I was thinking of splitting the string by finding the previous character from the fullstop
however there are some names that appear such as:
Anthony McFarland Jr.A. McFarland PIT
which have multiple full stops.
Anyone have an idea of the best way to approach this? Thanks!
Upvotes: 0
Views: 997
Reputation: 13417
The pandas Series str.extract method is what you're looking for. This regex works for all of the cases you've presented, though there may be some other edge cases.
df = pd.DataFrame({
"bad_col": ["Lamar JacksonL. Jackson BAL", "Patrick Mahomes IIP. Mahomes KC",
"Dak PrescottD. Prescott DAL", "Josh AllenJ. Allen BUF",
"Josh AllenJ. Allen SEA", "Anthony McFarland Jr.A. McFarland PIT"],
})
print(df)
bad_col
0 Lamar JacksonL. Jackson BAL
1 Patrick Mahomes IIP. Mahomes KC
2 Dak PrescottD. Prescott DAL
3 Josh AllenJ. Allen BUF
4 Josh AllenJ. Allen SEA
5 Anthony McFarland Jr.A. McFarland PIT
pattern = r"(?P<full_name>.+)(?=[A-Z]\.)(?P<short_name>[A-Z]\.\s.*)\s(?P<team>[A-Z]+)"

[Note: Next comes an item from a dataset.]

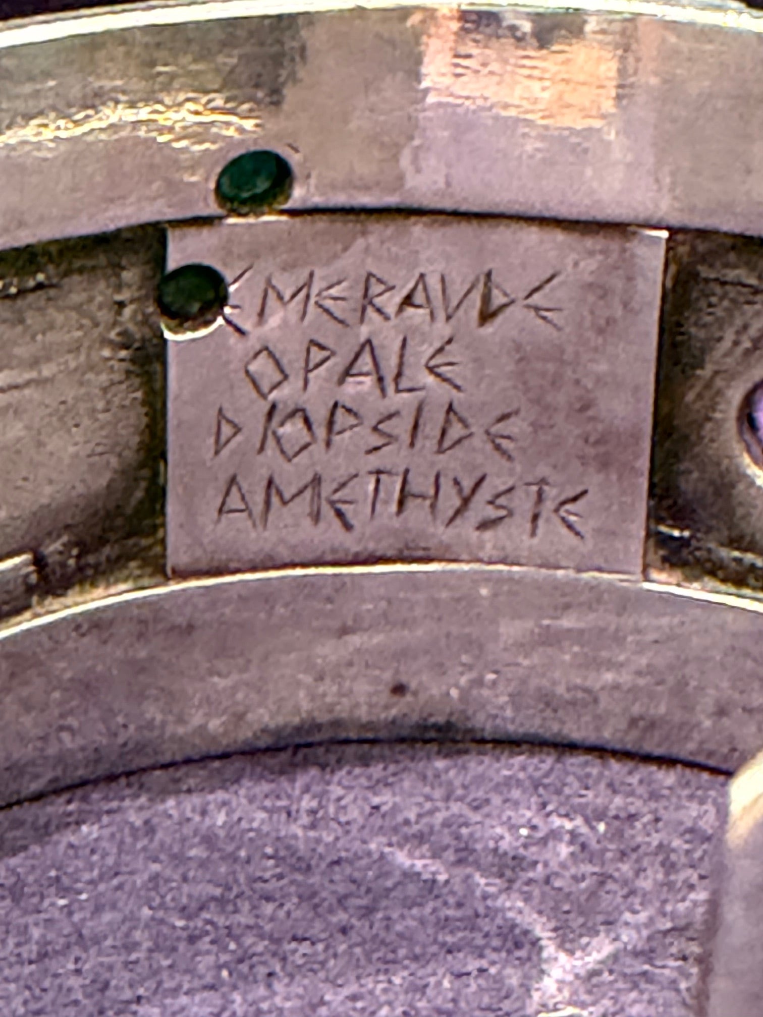 Gemstones : emeralds, opal, diopside, and amethyst.

new_df = df["bad_col"].str.extract(pattern, expand=True)
print(new_df)
full_name short_name team
0 Lamar Jackson L. Jackson BAL
1 Patrick Mahomes II P. Mahomes KC
2 Dak Prescott D. Prescott DAL
3 Josh Allen J. Allen BUF
4 Josh Allen J. Allen SEA
5 Anthony McFarland Jr. A. McFarland PIT
Breaking down that regex:
(?P<full_name>.+)(?=[A-Z]\.)(?P<short_name>[A-Z]\.\s.*)\s(?P<team>[A-Z]+)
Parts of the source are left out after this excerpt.